DEBATES
En Europa, que las musulmanas lleven velo en los lugares públicos ha desatado discusiones en torno de la integración, la identidad y los derechos civiles de las mujeres. Sus detractoras leen en el hijab una cultura de restricción y dominación, lo que ha llevado a que Francia, por ejemplo, prohíba su uso en las escuelas. Desde la vereda de enfrente, hay quienes lo usan para demostrar rebeldía y exigir respeto a su identidad. Aquí, un pantallazo de la discusión en Londres y una entrevista con Marjane Satrapi, la iraní radicada en París cuyo film Persépolis (llega en estos días a las pantallas porteñas) narra la vida de una adolescente en Teherán y, de paso, tira abajo un par de prejuicios.
Cuando Shaista camina por las calles de Londres, los hombres –y las mujeres– se dan vuelta para mirarla. Pero Shaista no lleva una mini infartante o una remera minúscula. Esta joven de sonrisa amplia y paso decidido es una musulmana que desde hace sólo unos pocos años comenzó a usar el hijab, uno de los típicos velos musulmanes. Shaista no es parte de un grupo extremista o de una familia ultrarreligiosa, sino un ejemplo de una tendencia creciente que habla de las realidades que hoy hacen que Occidente busque convivir con el Islam –y entender el significado de la religión que más adeptos tiene alrededor del mundo–. En ciudades como Londres –hogar de más de un millón de musulmanes–, el orgullo secular generalizado hoy enfrenta una creciente ola de jóvenes profesionales que, tal como Shaista, creen que taparse es una nueva forma de rebeldía.

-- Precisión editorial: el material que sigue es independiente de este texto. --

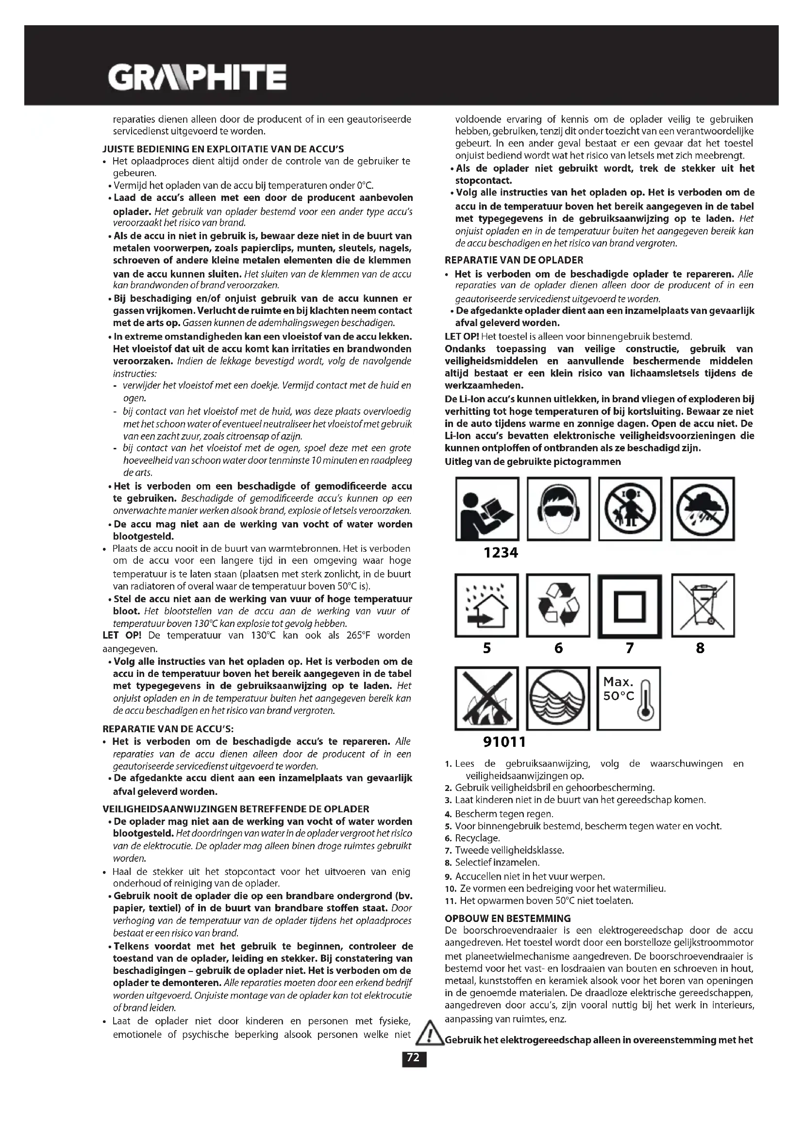 veiligheidsaanwijzingen op. 2. Gebruik veiligheidsbril en gehoorbescherming.3. Laat kinderen niet in de buurt van het gereedschap komen. 4. Bescherm tegen regen.5. Voor binnengebruik bestemd, bescherm tegen water en vocht.6. Recyclage.7. Tweede veiligheidsklasse. 8. Selectief inzamelen.9. Accucellen niet in het vuur werpen.10. Ze vormen een bedreiging voor het watermilieu.11. Het opwarmen boven 50°C niet toelaten.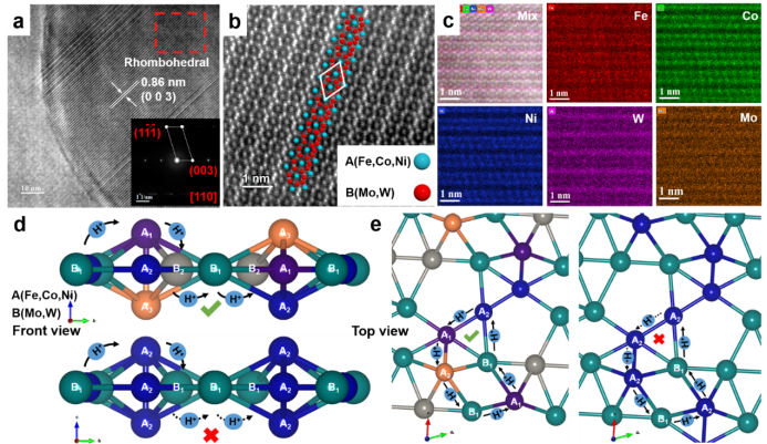 徐轶团队结合元素的类比性和结构的特殊性,并通过混合熵将两者联系起来设计了一种具有吸附-解吸自循环结构的非贵金属高熵合金纳米催化剂。在FeCoNiMoW HEA的FCC基体中,析出了大量具有斜方体结构的高熵纳米颗粒(HEA NPs)。通过组合和优化五种金属元素,实现了M-H键的强度和析氢自由能的最佳匹配。进而设计了一个具有原子自循环"生态系统"的HEA纳米结构。调整了FeCoNiWMo HEA NPs中的Co/Mo元素比例,证实了有序结构HEA NPs的含量与析氢性能呈线性关系。此外,球差透射电子显微镜(TEM)观测和密度泛函理论(DFT)计算详细揭示了其优异的性能归功于斜方体晶体结构和由金属原子选择性替代组成的自循环"生态系统"。在HER中,催化剂在碱性和酸性条件下电流密度为10 mA·cm-2的过电位分别只有35 mV和81 mV,而且该催化剂在工作48小时后仍具有良好的稳定性。更具吸引力的是,FeCoNiWMo HEA催化剂的成本仅为商业Pt/C电极的0.04%。

Shaista comenzó a usar el velo tras haber redescubierto su religión en su adolescencia y lo adoptó como un vehículo para ejercer su derecho a la libre expresión y para solidarizarse con sus correligionarias, quienes sufren creciente discriminación y estigmatización tras los ataques terroristas del 11 de septiembre en Nueva York y 5 de julio en Londres. “Este pedazo de tela es mi identidad”, dijo Shaista en un crudo relato sobre su experiencia a la BBC. “Decidí comenzar a utilizar el hijab porque quería ser visiblemente musulmana. Quería que la gente me viera por la calle y viera que soy musulmana y que estoy orgullosa de mi religión, de mi cultura y de mi herencia. Para mí esto es como un acto de solidaridad con otras mujeres musulmanas alrededor del mundo.” Shaista cree que la mayor parte de las mujeres que usan el velo lo hacen por decisión personal, pero sabe que no todos están de acuerdo con ella. Cuando le preguntan sobre los abusos que sufren las mujeres musulmanas, ella dice: “Sé que hay grandes problemas en el mundo musulmán con respecto a los derechos de las mujeres, pero las mujeres sufren estos problemas en todas partes del mundo. Dentro del Islam hay mucha diversidad, las mujeres utilizan el hijab en diversas formas y estilos”.

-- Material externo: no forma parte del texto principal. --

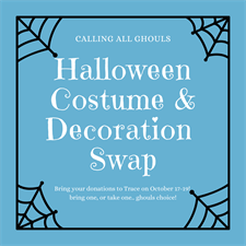 Trace's annual costume and decoration swap is back! Bring some or take some -- Ghoul's choice. Anything left will be donated to families in need.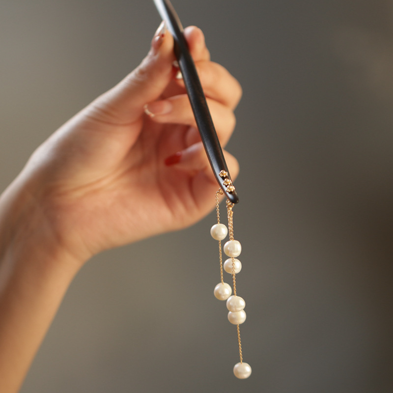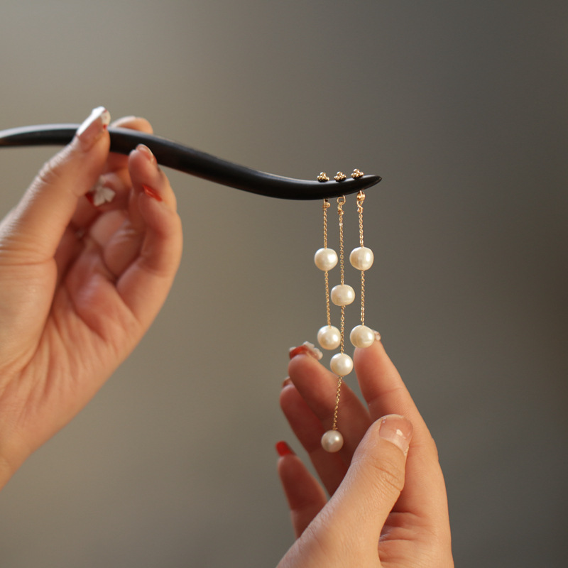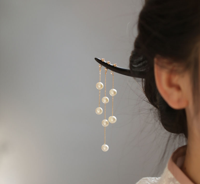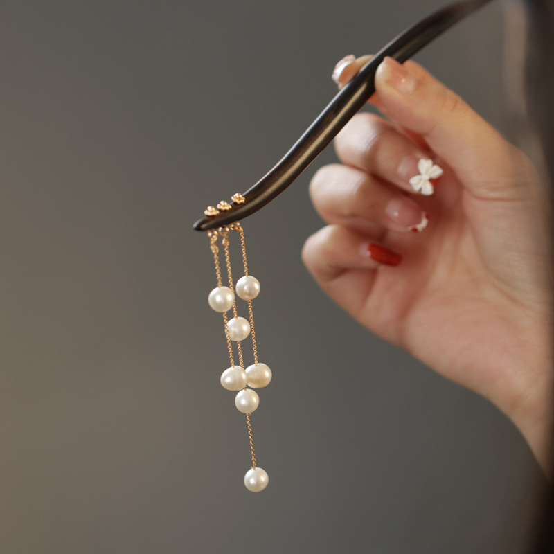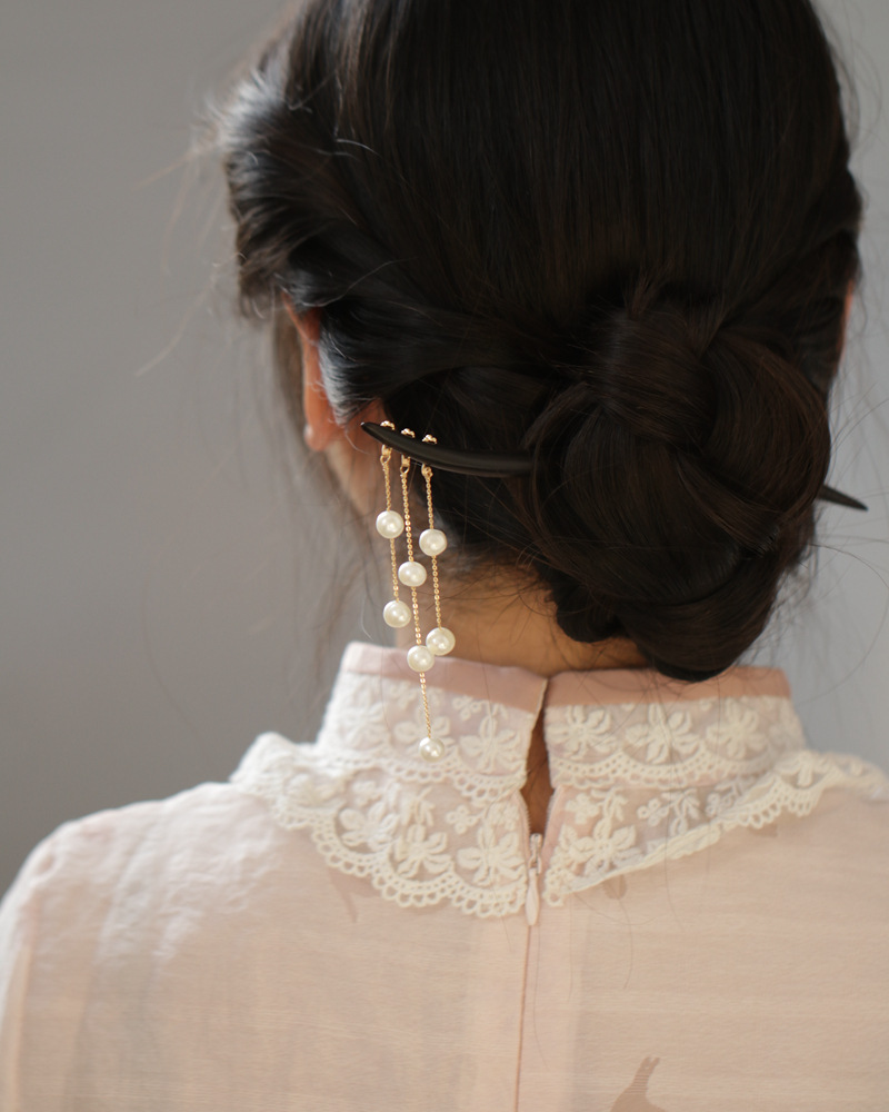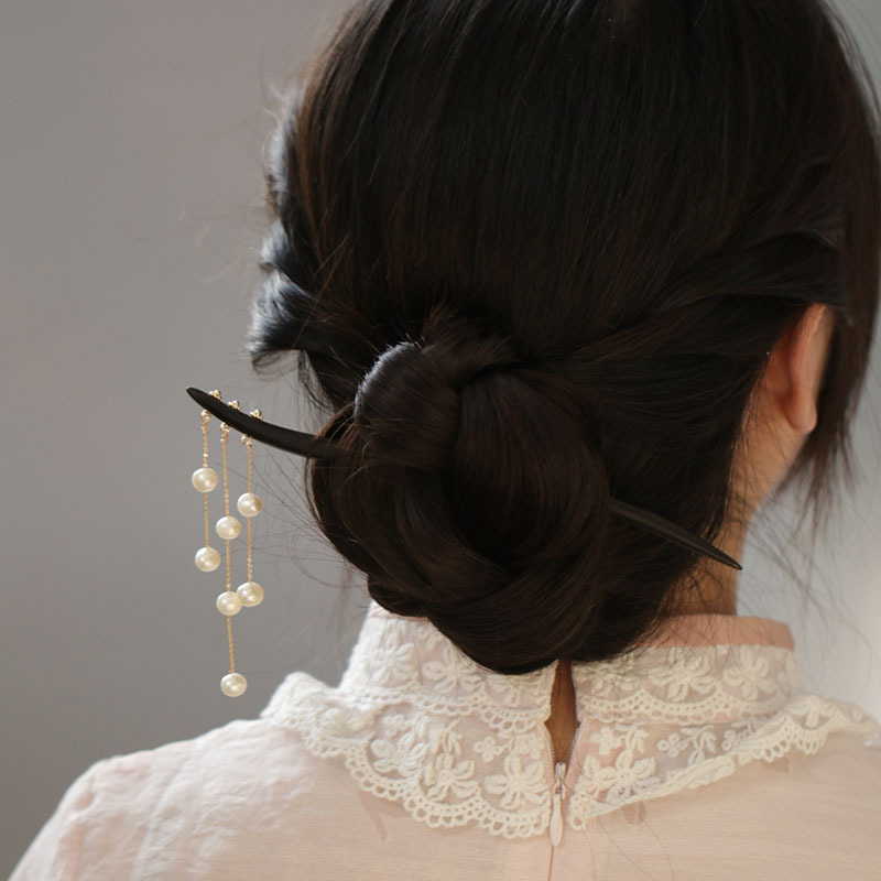 Hair accessories Senior sense ball head pan hair wood hairpin pearl fringe cheongsam accessories daily art tea dress hair design

Existen tantas variedades de velo como estilos de moda, desde el más liberal hijab –que significa “cubrirse” en árabe–, que consiste de un pañuelo que cubre el pelo y cuello y que viene en diversos colores y hasta estampados, hasta la ultraconservadora burka, una túnica que cubre absolutamente todo el cuerpo, dejando sólo una ranura para los ojos. Para millones alrededor del mundo, el hijab y la burka tienen un significado tan crucial que en la mayor parte de los países con alta población musulmana existe legislación sobre su uso.
En Europa, por el contrario, numerosos gobiernos han tomado grandes medidas para controlar la cantidad de mujeres caminando por sus calles seculares con un pañuelo en la cabeza. Hasta en Inglaterra –uno de los países más multiculturales de Europa, y siendo Londres la ciudad donde el islamismo es la religión que está creciendo más rápidamente– se han puesto limites al uso del velo. En el transcurso del 2007, por ejemplo, un juez prohibió a una abogada musulmana que vestía la burka representar a un cliente porque el juez no podía verle la cara; una maestra que utilizaba este tipo de velo fue enviada a casa por la dirección de la escuela en la que trabajaba; y una estudiante a la que se le prohibió utilizar la burka en clase llevó su caso a la corte y perdió.
Pero musulmanas como Shaista no se quedaron con los brazos cruzados y dieron pelea en las mismas calles donde alguna vez sus compatriotas quemaban corpiños ante las miradas absortas de los conservadores. Hoy, como entonces, han logrado mucho más de lo que los europeos seculares pronosticaron.
Y aun en Inglaterra el velo atravesó algunas barreras, con cada vez más mujeres utilizándolo en espacios públicos como los estudios de televisión.
Shabana, una joven abogada musulmana, escribió recientemente que el hijab es una cuestión de elección personal y que para ella es parte de su personalidad. “Yo fui a la Universidad, me recibí de abogada, crié a mi familia y participé en mi comunidad activamente, todo con mi hijab, sabiendo que así la gente me reconocería como musulmana.” Otra mujer, que prefirió no dar su nombre, dijo: “Cuando me convertí al Islam a los 19 años, al principio la idea de utilizar el hijab me pareció difícil. Pero luego, cuando comencé a usarlo me di cuenta de sus beneficios –lo más impresionante fue que los hombres me trataban más como un ser humano inteligente que como un pedazo de carne–”.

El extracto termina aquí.